Roman Wilhelmi był znanym i cenionym aktorem. Był legendą czasów PRL. Na swoim koncie miał udział w takich produkcjach jak "Czterej pancerni i pies", "Ćma", serialach "Kariera Nikodema Dyzmy" czy "Alternatywy 4".

Gdy pracował na planie "Alternatywy 4" usłyszał okrutną diagnozę

Gdy pracował na planie tego ostatniego serialu wiedział już, że jest chory. Diagnoza była okrutna. To był rak. Tylko taki człowiek jak on mógł tak długo nie poddawać się chorobie. Dzięki uporowi i silnemu charakterowi stworzył wspaniałe role - mówi Liliana Głąbczyńska-Komorowska w książce "Anioł i twardziel".

Reklama

Roman Wilhelmi miał trudny charakter. Sam o sobie mówił, że jest "niefajnym facetem". Nie potrafił odnaleźć się w roli partnera, ojca i przyjaciela. Nie stronił od używek i zabaw. Gdy okazało się, że choruje, nie przyjmował tego do wiadomości.
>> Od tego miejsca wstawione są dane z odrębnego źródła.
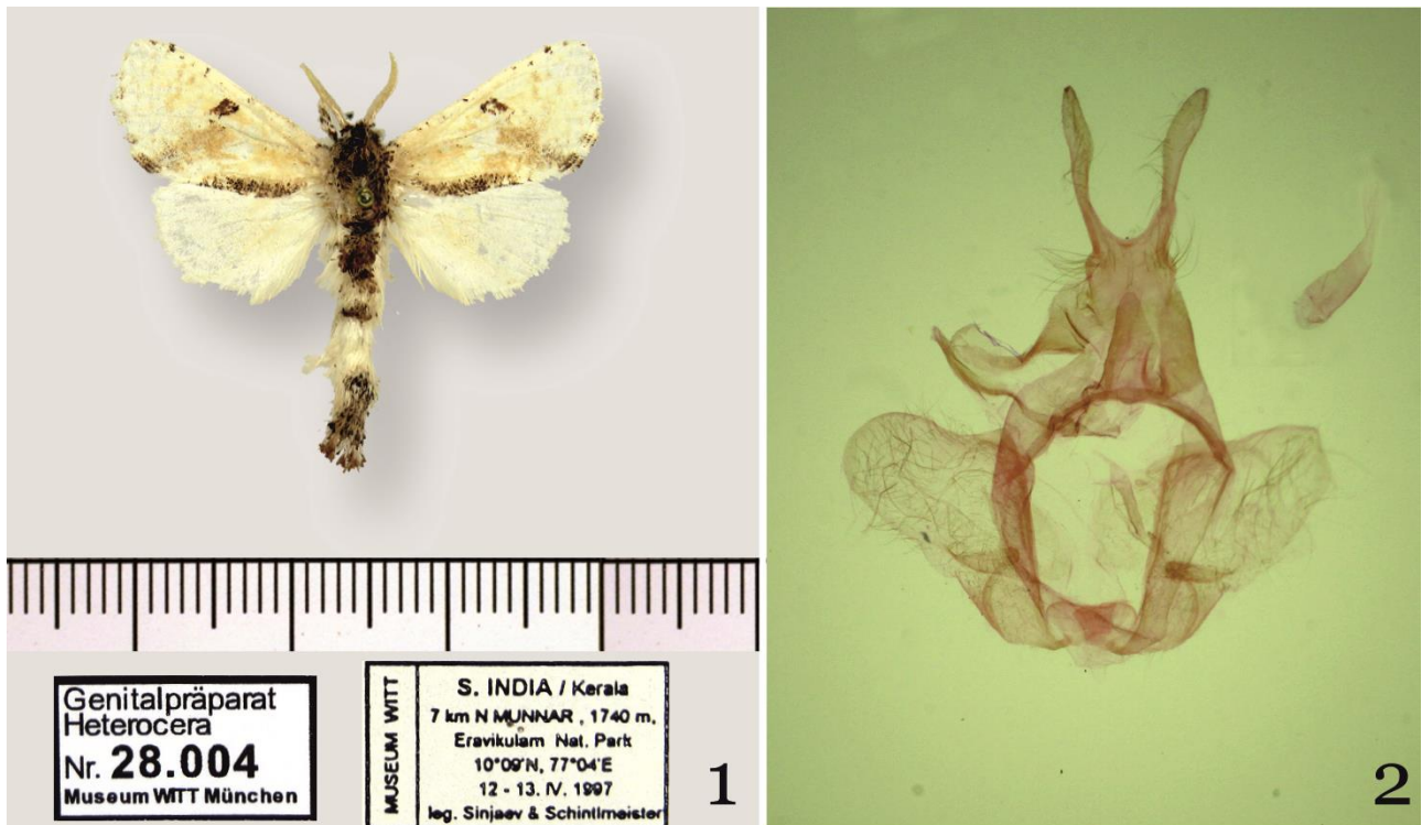
Figures 1–2. Ghatarbela bifidunca sp. nov.: 1. male holotype (MWM); 2. male genitalia (holotype: slide Genitalpräparat Heterocera MWM: 28.031).

Description. Length of fore wing 13–15 mm; antenna yellowish; thorax, abdomen basally and apically covered with long brown scales strongly widened apically, medium third of abdomen covered with light-yellow scales. Fore wing yellowish with bright dark-brown discal spot, not numerous small dark-brown to blackish dots along costal edge, narrow dark-brown stroke along anal edge, poorly expressed blurred light-brown portions discally and postdiscally, cilia chess mottled (yellowish between veins, brown at veins).

Na co dokładnie chorował Roman Wilhelmi?

Choroba zaatakowała nagle. To był rak wątroby z przerzutami do płuc. Kiedy byłem u Romka w szpitalu trzy dni przed jego odejściem, nie zdawał sobie sprawy z powagi sytuacji - mówił w rozmowie z "Super Expressem" Adam, brat aktora. Jeszcze rok przed śmiercią był optymistą.
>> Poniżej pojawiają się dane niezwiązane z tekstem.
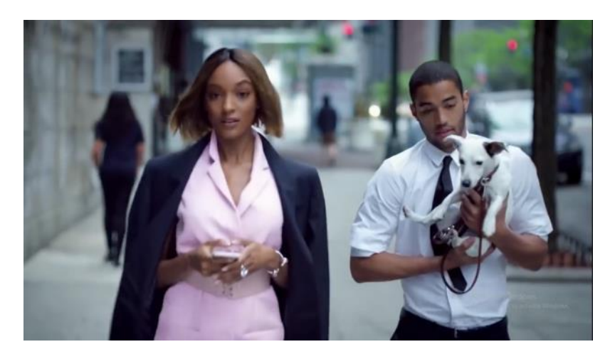
Figure 7. A Woman Walking with a Man

Figure 7 shows the previous model in pink dress wearing a black coat over her dress. According to Vasudev (2018), someone who wears a black coat looks more powerful and impactful. She walks confidently and holds a phone with her both hands. Besides her, a man walks and carries a white dog. He walks slightly behind the woman and is dressed in a black and white formal dress with a tie.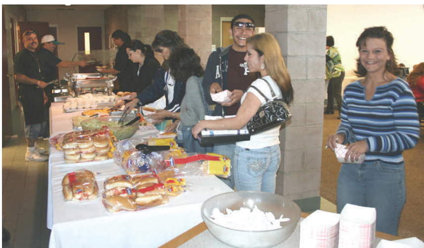
LCC sponsored barbeques such as this one enhances student life at the college.

Of course, losses due to student attrition aren’t just realized on the institutional side. Students lose too. Students who drop out of the educational pipeline lose their initial fiscal investment and those who leave before completion of the program are more likely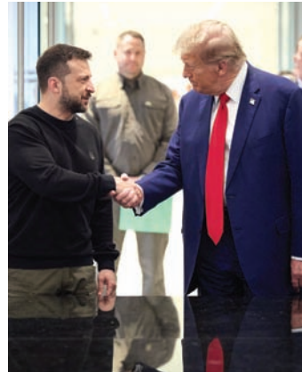
This handout photograph released by the Ukrainian presidential press service shows Zelensky and Trump during a meeting yesterday in New York.

"I presented him our Victory Plan, and we thoroughly reviewed the situation in Ukraine and the consequences of the war for our people," Zelensky wrote. "Many details were discussed. I am grateful for this meeting. A just peace is needed."

Roman Wilhelmi nie stronił od używek. "On pił ostrzej"

Spotykaliśmy się czasem na gruncie towarzyskim. W jednej rzeczy nie dotrzymywałem mu kroku: w piciu. Piję alkohol w niedużych ilościach, a wielu moich przyjaciół i znajomych – w tym Romek – nie wylewało za kołnierz. [...] Krytykowałem, że pali za dużo. Tłumaczyłem: Jeżeli już musisz, sięgaj po co drugiego papierosa. [...] Romek? On pił ostrzej. Z tym że nigdy nie tracił przytomności. Po tym wszystkim, co przyjął jego organizm, zachowywał pewną trzeźwość. Ja na pewno dawno bym leżał pod stołem - mówił w biografii Wilhelmiego, lekarz, który go leczył, prof. Jerzy Woy-Wojciechowski.
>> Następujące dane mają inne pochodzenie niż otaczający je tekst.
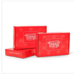
Prepaid Paper Pumpkin Subscription 3- Month - 137859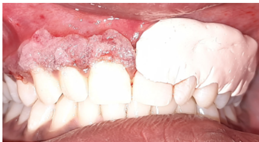
Figure 3: Placement of COE-PAK & Blue M gel on respective sites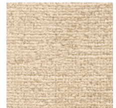
14 NEW CAMEL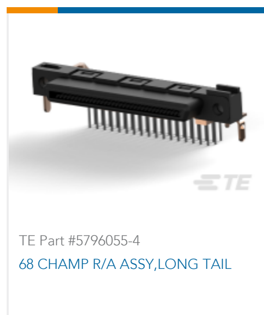
TE Part #5796055-4 68 CHAMP R/A ASSY, LONG TAIL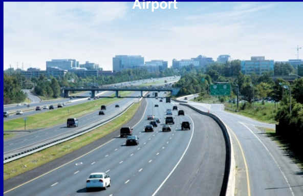
Dulles Toll Road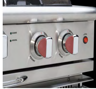
Optional Cabernet red knobs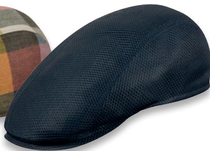
Jackson 598 col. 50 Mesh

Kilka miesięcy później stan zdrowia Romana Wilhelmiego pogorszył się. Zrobiliśmy dokładne badania, scyntygrafię izotopową, rezonans magnetyczny i wszystkie inne możliwe rzeczy. Na bronchoskopię Romek pojechał karetką do szpitala przy ulicy Płockiej. Tam mieściła się doskonała pracownia bronchoskopii. Dotąd Romek był pełen entuzjazmu, mówił o czekającym go monodramie. Po badaniu, po mniej więcej dwóch godzinach, wrócił totalnie zgaszony - wspominał prof. Jerzy Woy-Wojciechowski.

Reklama

Tak odchodził Roman Wilhelmi. Na co jeszcze liczył?

Kiedy Wilhelmi powiedział lekarce, że źle się czuje, ona odpowiedziała mu: "Jak się pan może dobrze czuć, skoro pan ma wszędzie przerzuty?". Aktor nie chciał dopuścić do siebie prawdy o tym, że umiera na raka wątroby. Wciąż planował kolejne aktorskie wyzwania. Nawet dzień przed śmiercią chciał zorganizować sobie rolę w produkcji we Francji. Chciał przeżyć to samo, co Wojciech Pszoniak i Andrzej Seweryn. Wierzył, że z tego wyjdzie. Wszyscy mieli taką nadzieję.

Do tej pory traktował życie, jakby nigdy nie miało się skończyć. Otwarty kalendarzyk i jego słowa znaczyły, że jeszcze walczy, upewnia się, że to jeszcze nie koniec i daje sobie jeszcze jedną szansę. Po wyjściu od niego straciłem przytomność. Następnego dnia rano Romek nie żył - wspominał jego przyjaciel, również aktor, Henryk Talar.

Roman Wilhelmi zmarł 3 listopada 1991 roku w Warszawie. Miał 55 lat. Pochowany jest na warszawskim Cmentarzu Wilanowskim.